● **Data under study**:
Start of Block

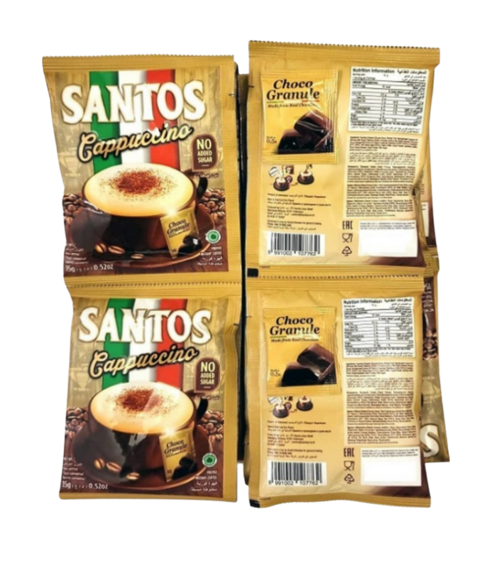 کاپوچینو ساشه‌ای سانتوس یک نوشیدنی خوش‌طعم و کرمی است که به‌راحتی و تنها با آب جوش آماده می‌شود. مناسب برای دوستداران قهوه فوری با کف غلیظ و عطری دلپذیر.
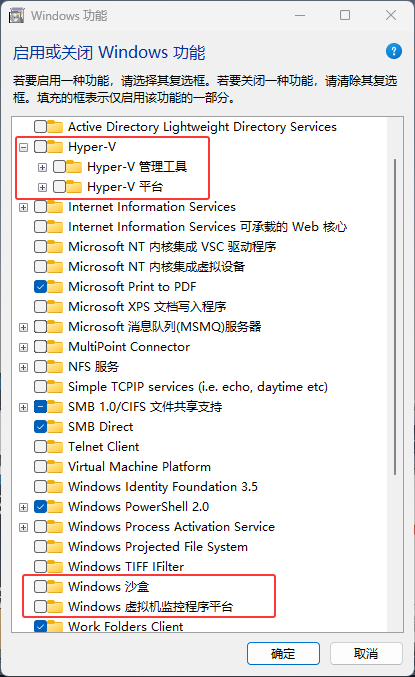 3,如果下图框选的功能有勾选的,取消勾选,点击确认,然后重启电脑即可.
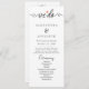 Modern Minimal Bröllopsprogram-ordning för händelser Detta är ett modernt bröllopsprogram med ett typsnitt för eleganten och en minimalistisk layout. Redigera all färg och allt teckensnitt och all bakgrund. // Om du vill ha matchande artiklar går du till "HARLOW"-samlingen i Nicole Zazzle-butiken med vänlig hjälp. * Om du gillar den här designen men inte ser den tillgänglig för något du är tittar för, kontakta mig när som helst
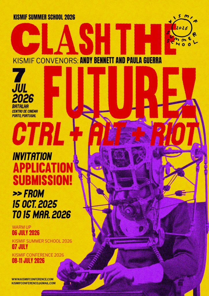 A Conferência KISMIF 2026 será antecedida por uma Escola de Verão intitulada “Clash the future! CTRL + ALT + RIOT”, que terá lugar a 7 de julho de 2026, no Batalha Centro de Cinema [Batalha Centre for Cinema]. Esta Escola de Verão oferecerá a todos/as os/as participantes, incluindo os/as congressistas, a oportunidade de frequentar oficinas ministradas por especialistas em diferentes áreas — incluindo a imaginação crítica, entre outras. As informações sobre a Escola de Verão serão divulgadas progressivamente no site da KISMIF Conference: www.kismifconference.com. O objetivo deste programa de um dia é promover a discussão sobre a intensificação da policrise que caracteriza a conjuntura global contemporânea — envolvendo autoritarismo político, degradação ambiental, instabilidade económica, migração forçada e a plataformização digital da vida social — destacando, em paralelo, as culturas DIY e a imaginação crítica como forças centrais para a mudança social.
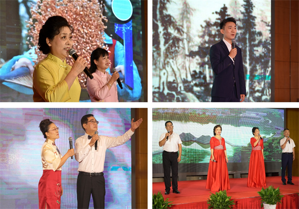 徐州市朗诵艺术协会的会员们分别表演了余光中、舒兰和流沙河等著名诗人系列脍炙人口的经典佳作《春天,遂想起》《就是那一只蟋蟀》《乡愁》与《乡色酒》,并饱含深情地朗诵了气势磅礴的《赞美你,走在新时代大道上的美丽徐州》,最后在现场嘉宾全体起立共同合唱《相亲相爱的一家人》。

End of Block
Start of Block

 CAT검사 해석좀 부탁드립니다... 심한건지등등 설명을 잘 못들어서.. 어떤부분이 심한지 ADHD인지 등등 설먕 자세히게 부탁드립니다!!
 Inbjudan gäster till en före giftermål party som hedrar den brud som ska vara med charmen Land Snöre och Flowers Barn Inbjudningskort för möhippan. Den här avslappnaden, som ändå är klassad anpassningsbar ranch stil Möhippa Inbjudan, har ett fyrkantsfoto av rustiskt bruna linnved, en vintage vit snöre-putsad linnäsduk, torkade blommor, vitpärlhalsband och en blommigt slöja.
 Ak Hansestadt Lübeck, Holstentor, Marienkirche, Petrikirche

End of Block
Start of Block

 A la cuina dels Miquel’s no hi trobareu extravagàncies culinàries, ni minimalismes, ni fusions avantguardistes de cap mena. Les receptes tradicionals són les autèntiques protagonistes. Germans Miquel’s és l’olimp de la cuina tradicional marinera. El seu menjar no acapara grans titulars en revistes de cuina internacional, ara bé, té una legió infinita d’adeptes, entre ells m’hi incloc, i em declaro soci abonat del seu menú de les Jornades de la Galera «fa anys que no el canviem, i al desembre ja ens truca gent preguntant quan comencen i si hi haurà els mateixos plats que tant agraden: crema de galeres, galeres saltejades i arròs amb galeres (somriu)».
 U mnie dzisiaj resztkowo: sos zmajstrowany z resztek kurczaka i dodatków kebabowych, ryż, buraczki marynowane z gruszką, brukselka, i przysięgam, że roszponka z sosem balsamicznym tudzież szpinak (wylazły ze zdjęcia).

End of Block

Repeat exactly the lines above, beginning at the one containing "کاپوچینو ساشه‌ای سانتوس" and ending at the one containing "3,如果下图框选的功能有勾选的,取消勾选,点击确认,然后重启电脑即可.". Do not carry over any pictures.

 کاپوچینو ساشه‌ای سانتوس یک نوشیدنی خوش‌طعم و کرمی است که به‌راحتی و تنها با آب جوش آماده می‌شود. مناسب برای دوستداران قهوه فوری با کف غلیظ و عطری دلپذیر.
 3,如果下图框选的功能有勾选的,取消勾选,点击确认,然后重启电脑即可.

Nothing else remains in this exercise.